If you have to use PAP for authentication you can set the PrimRetries keyword to a value of 1 in the Radius section of the configuration. This would disable any retry attempts. Also, if a second (backup) RADIUS server is defined with SecAddress, it must be removed as the first attempt to a secondary RADIUS server will have the password in the clear.
For a complete fix please upgrade to a fixed software version of code.
This vulnerability has been fixed in software release 6.0.21.0003 (and later) and 5.2.23.0004 (and later).
The procedure to upgrade to the fixed software version is detailed at http://www.cisco.com/univercd/cc/td/doc/product/aggr/vpn5000/5000sw/conce60x/5000cfg/swinst.htm.

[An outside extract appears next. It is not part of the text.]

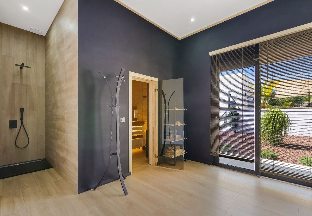 Die Villa erstreckt sich bequem auf einer Ebene und bietet 4 Schlafzimmer, 3 Badezimmer, ein geräumiges und helles Wohn-Esszimmer, eine voll ausgestattete Küche mit Zugang zum Außenbereich, eine Sauna und viel Stauraum. Das Hauptschlafzimmer hat Zugang zu einer Terrasse mit teilweisem Meerblick.

The Cisco PSIRT is not aware of any public announcements or malicious use of the vulnerability described in this advisory.
This vulnerability was reported to PSIRT by a customer.
To learn about Cisco security vulnerability disclosure policies and publications, see the Security Vulnerability Policy. This document also contains instructions for obtaining fixed software and receiving security vulnerability information from Cisco.
Revision 1.0 |
2000-August-07 |
Initial public release. |
THIS DOCUMENT IS PROVIDED ON AN "AS IS" BASIS AND DOES NOT IMPLY ANY KIND OF GUARANTEE OR WARRANTY, INCLUDING THE WARRANTIES OF MERCHANTABILITY OR FITNESS FOR A PARTICULAR USE. YOUR USE OF THE INFORMATION ON THE DOCUMENT OR MATERIALS LINKED FROM THE DOCUMENT IS AT YOUR OWN RISK. CISCO RESERVES THE RIGHT TO CHANGE OR UPDATE THIS DOCUMENT AT ANY TIME.
A stand-alone copy or paraphrase of the text of this document that omits the distribution URL is an uncontrolled copy, and may lack important information or contain factual errors. The information in this document is intended for end-users of Cisco products.